== What to produce ==
Please retype, word for word, the line containing "次のように3つ以上のセルを指" and every line after it through the end of the records, leaving out all pictures.

------ Data for review ------

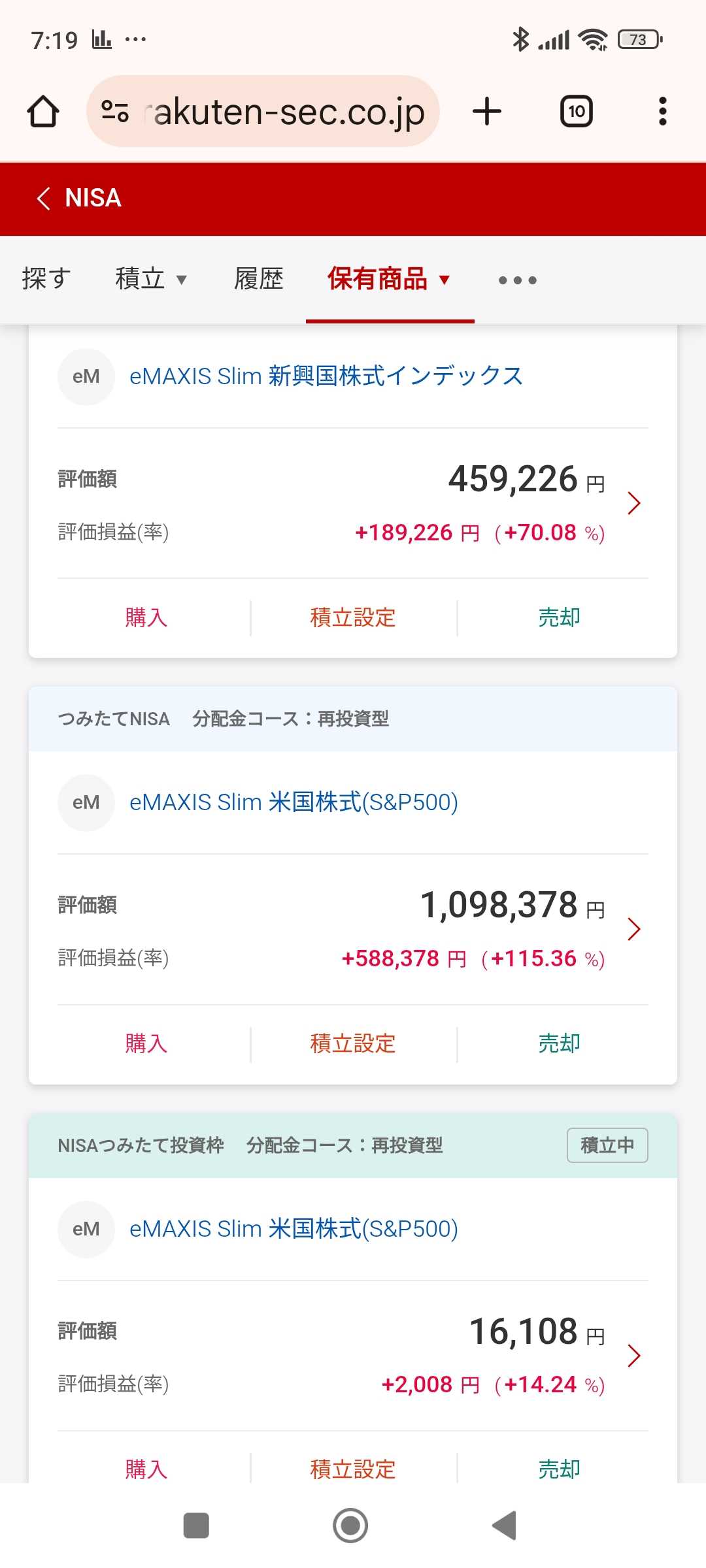 楽天プラスS&Pは月々6万円、トピックスは毎日400円 NISAでの配当金は92517円!10万には及ばずだが 来年は、12万を目標にこつこつと買っていく。 特定口座での配当金はSBIホールディングス待ち。 ![]() ![]() ![]() ![]() 昨日国債を買った。 旦那さんのNISA積み立て枠は全く使ってないので オルカンをすすめたが却下され、国債に落ち着いた。 国債って、どうやって買うねん??あ、楽天証券のサイトから こんなに簡単に買えるのか?と、旦那さん&わてくし。 シュミレーションまでしてくれるやん! 10年変動が良いのだろうが、わてくし達もうアラカンなので 5年固定、利回り1.35%にしてみた。 利回り1.35%は、インフレには負けるが、 元本割れしないなんて神やんv( ̄Д ̄)v イエイ。 10年前の0.04%の定期より、よっぽど神だわーーー! 最近、夫婦の会話で定番になっているのが 「目標金額貯まったら、ちょっと使っても良いよね?」とわてくし。 「何を言っとんのやーヽ(`Д´)ノプンプン」と旦那。 で、大爆笑なんだけど・・・・・・・・・ 旦那さんの目が笑ってない(;´༎ຶД༎ຶ`)コワイ にほんブログ村 にほんブログ村 お気に入りの記事を「いいね!」で応援しよう
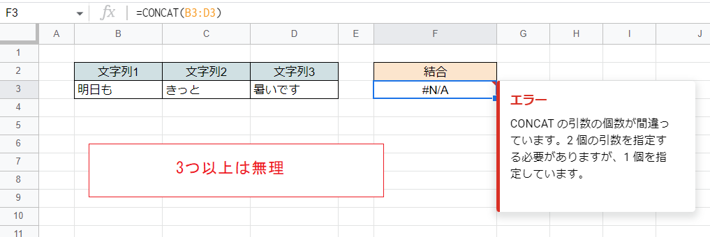 次のように3つ以上のセルを指定するとエラーになります。「=CONCAT(B3,C3,D3)」としてもダメです。
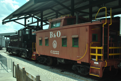 Baltimore & Ohio Railroad wooden bobber caboose C-2222 built by the railroad in 1929, one of 272 such cabooses built over a five-year period. Beginning in 1940, some of these were modified to be used for pusher (shoving) service. C-2222 was rebuilt with a concrete floor and increased width and wheelbase, providing strength to protect the caboose from being crushed between the weight of the train and the pusher engine. In 1957, C-2222 was converted into a Class I-5D: 33 feet long, almost 10 feet wide and weighing 62,700 pounds then in 1970, was repainted with Chesssie System yellow and used for mine service. It was retired in 1975 and was purchased by a private owner.
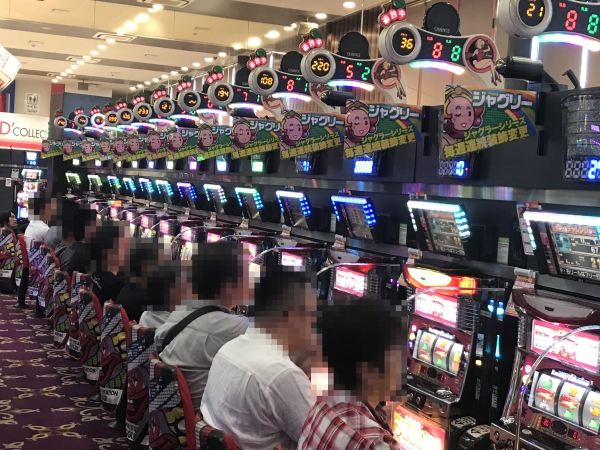ボーナスタイプでは、定番のジャグラーシリーズやハナハナシリーズが大盛り上がり。プレイヤーからの信頼を得ていることが、表情から見て取れた。
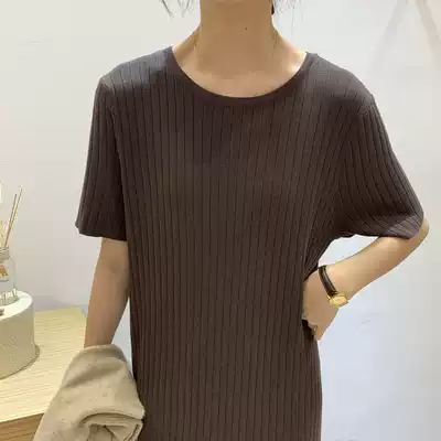 Early autumn new short-sleeved knitted round neck solid color 2021 temperament loose and thin Korean Dongdaemun pullover dress

------

== Solution to this exercise ==
 次のように3つ以上のセルを指定するとエラーになります。「=CONCAT(B3,C3,D3)」としてもダメです。
 Baltimore & Ohio Railroad wooden bobber caboose C-2222 built by the railroad in 1929, one of 272 such cabooses built over a five-year period. Beginning in 1940, some of these were modified to be used for pusher (shoving) service. C-2222 was rebuilt with a concrete floor and increased width and wheelbase, providing strength to protect the caboose from being crushed between the weight of the train and the pusher engine. In 1957, C-2222 was converted into a Class I-5D: 33 feet long, almost 10 feet wide and weighing 62,700 pounds then in 1970, was repainted with Chesssie System yellow and used for mine service. It was retired in 1975 and was purchased by a private owner.
ボーナスタイプでは、定番のジャグラーシリーズやハナハナシリーズが大盛り上がり。プレイヤーからの信頼を得ていることが、表情から見て取れた。
 Early autumn new short-sleeved knitted round neck solid color 2021 temperament loose and thin Korean Dongdaemun pullover dress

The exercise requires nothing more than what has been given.